Rene Guerra served as district attorney in Hidalgo County from the 1980s until 2014. Guerra elected not to bring the case before a grand jury until 2004. Tacheny, O'Brien and Feit did not receive subpoenas in the case, and the grand jury declined to indict Feit. O'Brien died in 2005. Guerra was reluctant to revisit the case, saying that the early police investigation had been shoddy, that O'Brien was suffering from dementia when he was questioned, and that there was no physical evidence. He said that Jaramillo had inappropriately fed Tacheny the location of the murder after the monk mistakenly said it occurred in San Antonio. Guerra angered Garza's family by asking, "Why would anyone be haunted by her death? She died. Her killer got away."

Renewed interest

In 2014, district court judge Ricardo Rodriguez campaigned to unseat Guerra as district attorney, and the Garza case arose as a campaign issue. Rodriguez said that he wanted justice for the Garza family. He said that he would take a new look at Garza's case if he were elected. Rodriguez won the election. In the days after the vote was announced, Guerra sought to appoint Rodriguez as a special prosecutor in the Garza case. Rodriguez declined, saying that he preferred to take a new look at the evidence once he took control of the district attorney's office in January 2015. In April, he announced that the Garza case was open again. Without mentioning any suspects or elaborating on new evidence, he said that several employees in his office were working on the case.

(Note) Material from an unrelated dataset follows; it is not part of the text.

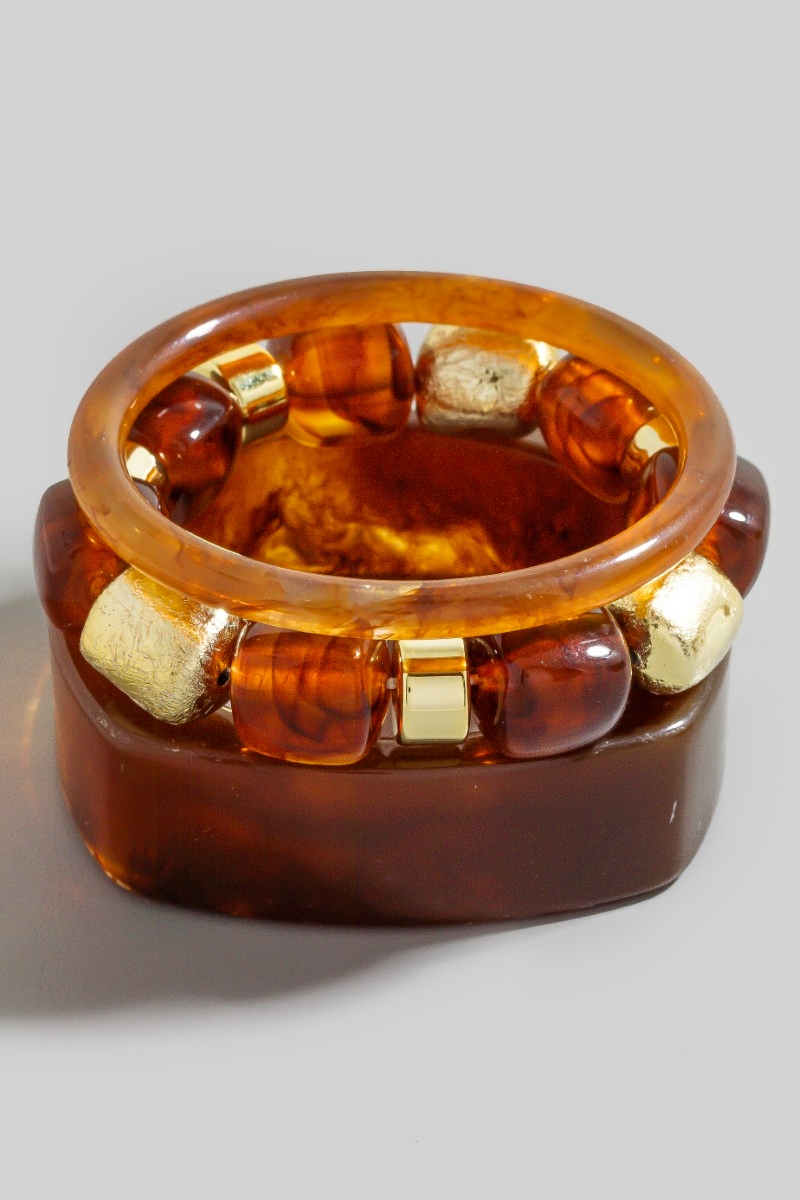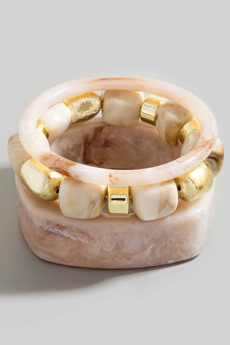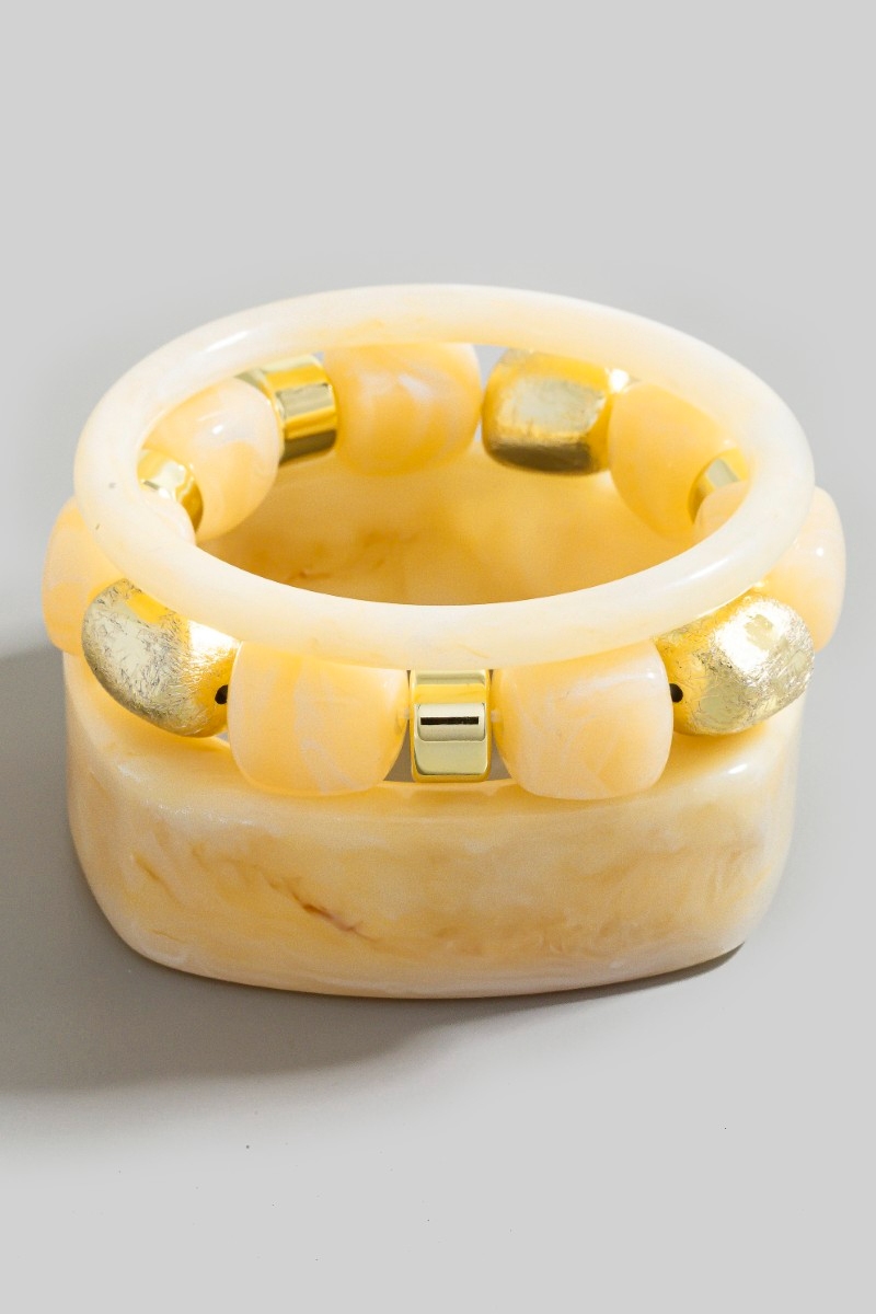 • This bracelet displays a fashionable mixed square resin bangle and beads set style. Experience the joy of accessorizing with this piece that effortlessly combines versatility and charm.

In February 2016, Feit was arrested in Scottsdale, Arizona. He was 83 at the time of his arrest, and he used a walker when he appeared in court. At that appearance, he said that he was confused as to why he was being charged so many years after Garza's death. Feit was extradited to Texas in March 2016. He entered a plea of not guilty. The prosecution requested a $750,000 bond, while the defense team asked for a $100,000 bond, adding that Feit had stage 3 kidney and bladder cancer. Judge Luis Singleterry set a $1 million bond.

Status hearings in the case were held in June and November 2016, and the discovery process was ongoing as of November. In February 2017, a judge set a late April 2017 trial date, and Feit remained under medical supervision at the Hidalgo County Jail.